I now work at Grace Orlando. It's a portable church that meets at Edgewater High School. I've been working there for the past 6 months and I love it!!! Although, it did take me a while.

I had no intentions of leaving First Christian. I loved the church and the people. Although I felt a spirit of discontent. I felt like God was trying to tell me something and I couldn't hear him. I eventually took a week off of work and went on a "spiritual retreat." I spent the whole week in prayer and reading my Bible-- asking God to reveal his plan for my life. When I came back, I received several job offers.

I accepted the job at Grace Orlando, and I must say it is the hardest decision I've ever had to make. I didn't want to leave the relationships I had a FCCO. I turned down several jobs to work with and for some really good friends and spiritual mentors. I knew God was calling me to Grace.

When you follow God's calling, you think everything is going to be easy. That everything will fall into place and rainbows and unicorns will follow you everywhere you go. This did not happen at Grace. I felt like I walked into a tornado. Before I even had a chance to learn people's names, the church decided to change locations and I had three months to get everything ready and train my team.

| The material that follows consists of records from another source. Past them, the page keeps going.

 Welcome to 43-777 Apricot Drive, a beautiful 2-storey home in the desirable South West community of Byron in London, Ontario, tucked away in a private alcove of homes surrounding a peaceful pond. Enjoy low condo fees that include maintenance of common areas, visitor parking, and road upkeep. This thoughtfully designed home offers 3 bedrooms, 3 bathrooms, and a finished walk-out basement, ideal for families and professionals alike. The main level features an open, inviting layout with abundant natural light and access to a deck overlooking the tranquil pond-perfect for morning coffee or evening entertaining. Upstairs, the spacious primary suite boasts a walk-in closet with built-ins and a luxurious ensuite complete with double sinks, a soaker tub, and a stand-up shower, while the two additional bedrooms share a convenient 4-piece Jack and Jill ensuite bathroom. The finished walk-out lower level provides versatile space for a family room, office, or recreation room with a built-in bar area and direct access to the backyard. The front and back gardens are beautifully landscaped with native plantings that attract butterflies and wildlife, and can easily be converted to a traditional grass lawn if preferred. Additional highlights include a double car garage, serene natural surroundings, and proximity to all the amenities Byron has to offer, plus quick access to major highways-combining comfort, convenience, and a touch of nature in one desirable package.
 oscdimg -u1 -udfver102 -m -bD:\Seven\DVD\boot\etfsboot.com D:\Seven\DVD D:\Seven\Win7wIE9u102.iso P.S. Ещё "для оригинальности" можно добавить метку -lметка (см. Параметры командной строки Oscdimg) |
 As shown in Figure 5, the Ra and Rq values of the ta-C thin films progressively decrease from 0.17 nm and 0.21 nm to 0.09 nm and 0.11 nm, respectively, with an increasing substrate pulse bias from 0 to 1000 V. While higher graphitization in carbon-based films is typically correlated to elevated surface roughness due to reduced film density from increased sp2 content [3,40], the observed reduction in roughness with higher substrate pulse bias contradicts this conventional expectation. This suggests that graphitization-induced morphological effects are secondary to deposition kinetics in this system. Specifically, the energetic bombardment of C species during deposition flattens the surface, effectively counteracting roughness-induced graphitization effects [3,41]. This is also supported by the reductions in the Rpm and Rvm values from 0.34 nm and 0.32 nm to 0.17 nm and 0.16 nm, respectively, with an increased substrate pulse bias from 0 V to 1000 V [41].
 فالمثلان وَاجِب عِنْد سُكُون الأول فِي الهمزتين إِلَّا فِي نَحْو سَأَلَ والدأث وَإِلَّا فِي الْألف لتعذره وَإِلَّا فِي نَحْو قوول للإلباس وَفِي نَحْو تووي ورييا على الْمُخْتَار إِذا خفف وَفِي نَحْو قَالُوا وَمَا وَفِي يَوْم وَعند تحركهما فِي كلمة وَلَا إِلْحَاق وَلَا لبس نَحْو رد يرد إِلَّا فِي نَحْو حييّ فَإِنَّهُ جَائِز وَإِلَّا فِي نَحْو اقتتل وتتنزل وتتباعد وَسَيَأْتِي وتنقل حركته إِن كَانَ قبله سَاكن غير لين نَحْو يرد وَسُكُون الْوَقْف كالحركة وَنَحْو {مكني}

It was a super crazy time and I must admit, I am not proud of how I acted or what came out of me when I was bumped. I really do think God brought me here to break me. I was on a high horse and he knocked me down. I had learned to be dependent on myself and not on him. And when I knew I had to depend on him, I dug my heals in the ground and just willed myself to work harder. I am so dumb. I feel like the sheep caught in the torn bush and the Shepherd is trying to help me out. Instead I don't allow him and get myself caught deeper over and over again. Constantly, hurting myself. I lived in that thorn bush for about five months. I'm sad to admit it and I look back in shame.

However, once I moved out of that self-pitty. I realized how much I loved Grace. I mean I liked it through all the hard times....but it was my job and not my church home. I now absolutely LOVE it! This is my church and many have become like family. I love everyone on staff and we have a freaking awesome family ministry team! Everyone has an amazing heart to serve Christ and no one is better than anyone else.

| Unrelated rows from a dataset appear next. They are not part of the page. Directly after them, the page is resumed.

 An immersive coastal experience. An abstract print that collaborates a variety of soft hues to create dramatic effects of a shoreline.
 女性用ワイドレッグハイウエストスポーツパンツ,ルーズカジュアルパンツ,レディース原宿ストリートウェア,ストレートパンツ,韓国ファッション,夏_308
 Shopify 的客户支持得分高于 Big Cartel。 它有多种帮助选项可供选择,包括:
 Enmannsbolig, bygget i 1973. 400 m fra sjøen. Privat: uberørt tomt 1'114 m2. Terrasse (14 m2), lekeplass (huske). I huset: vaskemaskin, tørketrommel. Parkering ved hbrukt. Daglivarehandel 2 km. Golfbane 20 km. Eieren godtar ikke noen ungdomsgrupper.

The thing I love the most is this isn't a job for anyone on staff. This is a ministry to reach people for Christ and help them take their next steps towards him. No one's specialized ministry is more important and everyone is willing to help wherever needed.

This has been a very humbling six months. But I know, I am exactly where I need to be, in the center of God's will. It's the hardest, exciting, scariest, thing I've ever been a part of and I can't wait to see what He's going to do.